--- MATERIAL PROVIDED Enclosed Below ---

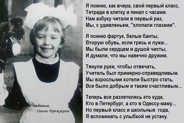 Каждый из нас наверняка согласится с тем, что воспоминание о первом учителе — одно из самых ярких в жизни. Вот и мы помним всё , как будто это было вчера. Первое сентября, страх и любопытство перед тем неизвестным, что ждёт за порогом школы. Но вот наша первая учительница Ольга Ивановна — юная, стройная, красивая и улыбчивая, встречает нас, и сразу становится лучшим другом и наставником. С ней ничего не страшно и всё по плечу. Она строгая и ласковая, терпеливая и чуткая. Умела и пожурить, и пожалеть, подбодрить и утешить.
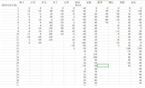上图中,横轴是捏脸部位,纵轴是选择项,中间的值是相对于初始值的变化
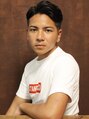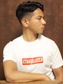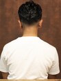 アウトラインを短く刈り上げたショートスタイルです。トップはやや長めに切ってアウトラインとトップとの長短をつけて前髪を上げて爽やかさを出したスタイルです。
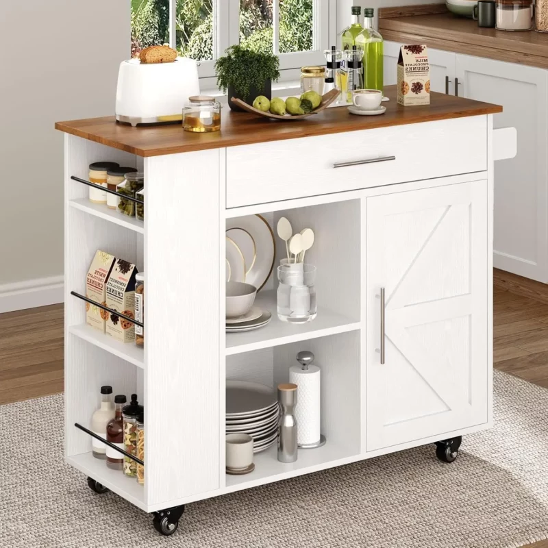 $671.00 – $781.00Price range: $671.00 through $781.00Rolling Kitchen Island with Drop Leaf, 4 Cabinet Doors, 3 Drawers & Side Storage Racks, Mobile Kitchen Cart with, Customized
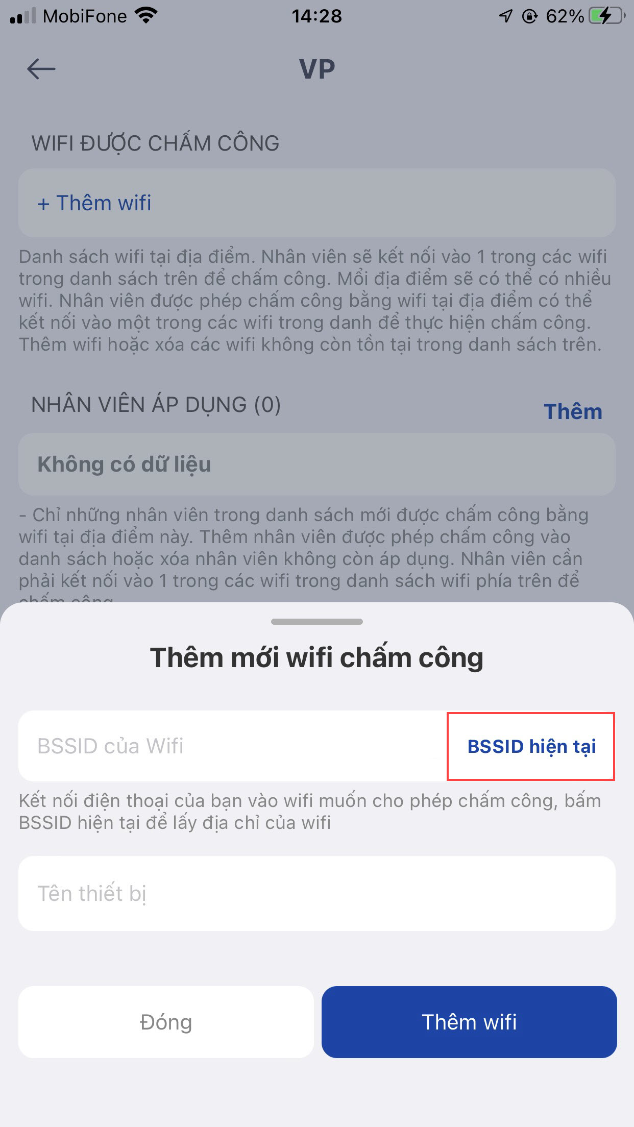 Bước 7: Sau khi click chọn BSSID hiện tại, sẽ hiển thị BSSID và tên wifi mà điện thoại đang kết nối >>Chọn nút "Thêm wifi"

--- End of Enclosed MATERIAL PROVIDED ---
--- MATERIAL PROVIDED Enclosed Below ---

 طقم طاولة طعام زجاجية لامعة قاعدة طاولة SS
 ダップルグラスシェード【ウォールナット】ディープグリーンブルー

--- End of Enclosed MATERIAL PROVIDED ---

_TASK PROMPT:_ Copy the lines above exactly, starting at the one with "アウトラインを短く刈り上げた" and ending at the one with "Bước 7: Sau", both included. Leave out any pictures and add nothing else.

_TASK OUTPUT:_
 アウトラインを短く刈り上げたショートスタイルです。トップはやや長めに切ってアウトラインとトップとの長短をつけて前髪を上げて爽やかさを出したスタイルです。
 $671.00 – $781.00Price range: $671.00 through $781.00Rolling Kitchen Island with Drop Leaf, 4 Cabinet Doors, 3 Drawers & Side Storage Racks, Mobile Kitchen Cart with, Customized
 Bước 7: Sau khi click chọn BSSID hiện tại, sẽ hiển thị BSSID và tên wifi mà điện thoại đang kết nối >>Chọn nút "Thêm wifi"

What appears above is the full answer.